Капитан Кояма, оказывается, прослужил в Восточном пароходстве лет сорок с лишком. Подростком еще нанялся он на пароход юнгой, потом стал матросом, механиком и, наконец, дослужился до капитана. За все годы у него не было ни единой аварии, его всегда ставили в пример другим и не раз награждали за безупречную службу. Когда пришел срок уходить на пенсию, Кояма не захотел покидать паро­ход и еще пять лет крутил колесо штурвала.

Здесь, я думаю, стоит сделать небольшое отступление и рассказать о капитане Буле. Капитан Хакии по прозвищу Буль плавал на принадлежавшем Восточному пароходству «тридцать шестом» и, хотя все сроки его ухода на пенсию давно вышли, ни за что не желал списываться на берег. Он был очень тучен. При ходьбе все тело его колыхалось и складки жира на груди, словно волны, бежали в одну сторо­ну, а на животе — в другую. Отталкивающее было зрели­ще, когда он шел, едва переставляя ноги. Наверное, он и сам понимал это и передвигался лишь в самых крайних слу­чаях. Веки его набрякли, отяжелели и с трудом поднима­лись, приоткрывая щелочки глаз. Под подбородком у него висела огромная складка, так что он с трудом поворачивал голову. За внешность его и прозвали Буль[60]. И кличка эта оказалась настолько точна, что люди, дразня его Булем, почти не испытывали при этом удовольствия. Сам капитан Буль на расстоянии двадцати метров уже не в силах был ничего разглядеть, и потому матрос по имени Томэ всегда стоял на носу и, отчаянно жестикулируя, кричал: «Прямо!», «Право руля!», «Так держать!» или «Задний ход!», а капи­тан в соответствии с этим крутил штурвал и отдавал при­казы механику. Матрос Томэ, который, по общему мне­нию, был слегка чокнутый, очень гордился своими обязан­ностями и обычно, пропустив стаканчик, с важностью утверждал:

— Знайте, без меня «тридцать шестой» давно бы лежал на дне.

А вспомнил я капитана Буля потому, что и Кояма точно так же не соглашался никак уйти в отставку. И однажды, когда ему в который уж раз предложили весьма крупную сумму, лишь бы отправить его на покой, Кояма сказал: «Де­нег мне ваших не надо, отдайте «семнадцатый», и я на все соглашусь!»

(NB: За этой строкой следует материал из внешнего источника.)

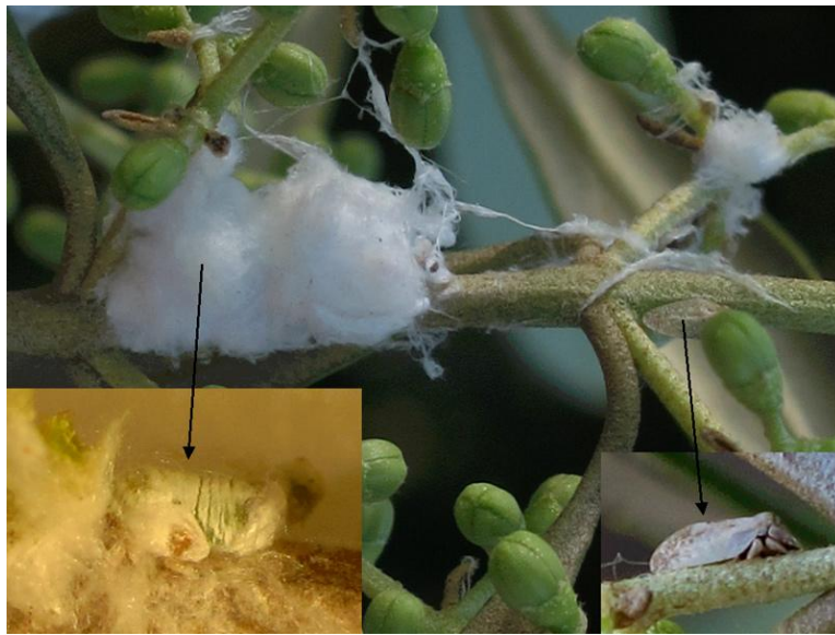
Εικόνα 3 Αποικία ψύλλας ελιάς (βαμβακάδας) σε ταξιανθία του δένδρου
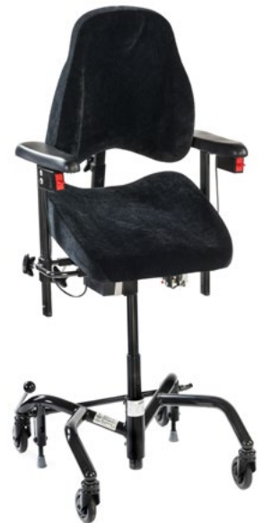
REAL 9000 PLUS EL AUFSTEHHILFE
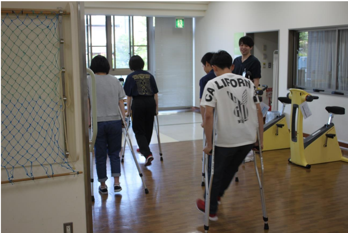
リハビリ模擬体験
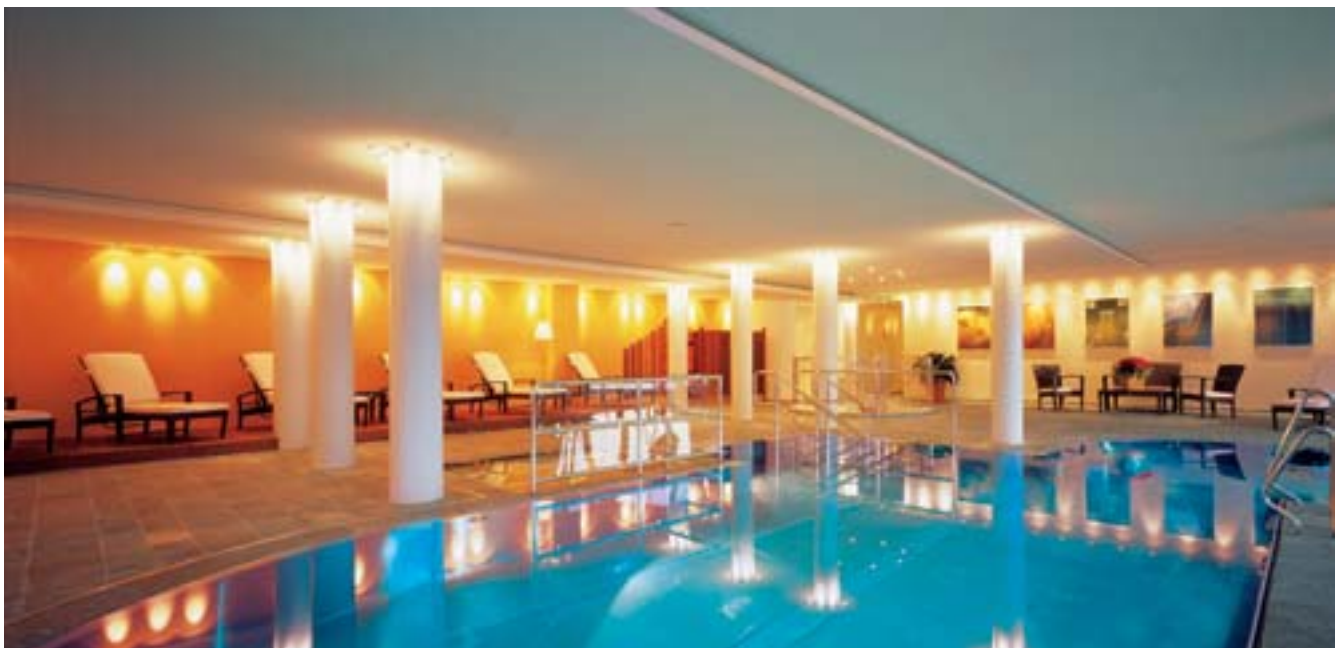
Schwimmbad Desinfektion, Inaktivierung von Viren, Abbau von organischen Verunreinigungen

Der Aufbau der Anlagen, die Einrichtungen für Bedienung und Betriebsüberwachung sowie die Sicherheitseinrichtungen entsprechen den Anforderungen der DIN 19627 sowie den einschlägigen VDE-Vorschriften. Die Einhaltung dieser Vorschriften wurde vom TÜV überprüft und diese Prüfung mit dem GS-Prüfzeichen Nr. S2011131, sowie die EMV-Prüfung für die Baureihe 25-700 mit dem Prüfzeichen Nr. V 21.1138 zertifiziert. Ozonerzeugungsanlagen der VU - L - W-Typenreihe sind Unterdruckanlagen, d.h. Lufttrocknung und Ozonerzeugung erfolgen im Unterdruck. Ein Ozonaustritt aus der Anlage ist bei diesem System völlig ausgeschlossen.
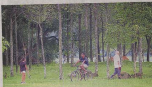
Kota Kemuning residents are using Facebook to lobby against the proposed development of a hypermarket next to this park.

"Vendors can use it at night and the public can utilise the area during the day," he said.
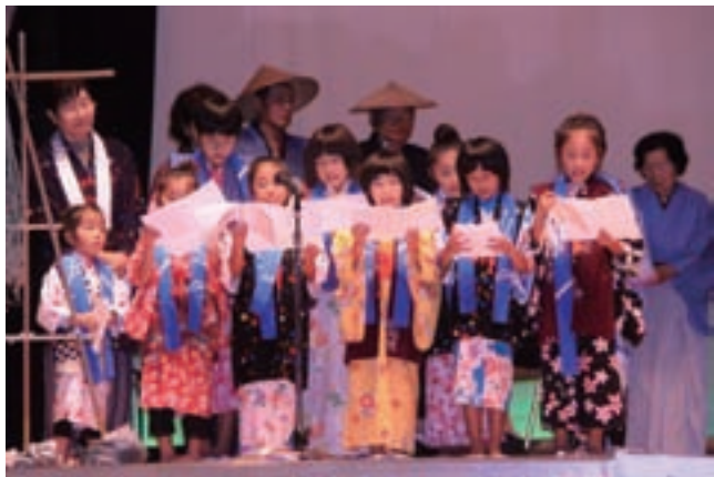
第8回カルチャーゾーンフェスタ (平成23年11月3日：延岡市社会教育センター)

郷土の先覚者や、郷土芸能を学習した出北(いできた)地区の住民・子どもたちが地域の活性化に向けて歩歩活動をはじめ、第8回「出北新嘗祭」を開催するなど地域間交流・世代間交流の「輪」も芽生えてきました。

«Семнадцатый» к тому времени был давно уже списан и стоял на приколе близ Токуюки. А так как охотников при­обрести его даже по дешевке не находилось, условие капи­тана Коямы было охотно принято. По его просьбе пароход отбуксировали к восточному побережью, и капитан приш­вартовал его к берегу, под соснами, в том самом месте, где он находился по сей день. Так началась уединенная жизнь Коямы на «семнадцатом». Как я говорил уже, у капитана были и сын и дочь. Сын, служащий торговой компании, получал приличное жалованье, дочь вышла замуж за состо­ятельного торговца и, уж само собой, ни в чем не испыты­вала нужды. Дети не раз выражали желание взять отца к себе. Кояма давно овдовел, и сыну с дочерью было совестно перед людьми оставлять отца в таком положении. Но Кояма всякий раз отказывался покинуть «семнадцатый». Как говорили местные жители, он походил на раковину фудзицубо, намертво присосавшуюся к скале. Так ли, этак ли, но детям оставалось лишь успокаивать голос совести ежемесячными денежными переводами.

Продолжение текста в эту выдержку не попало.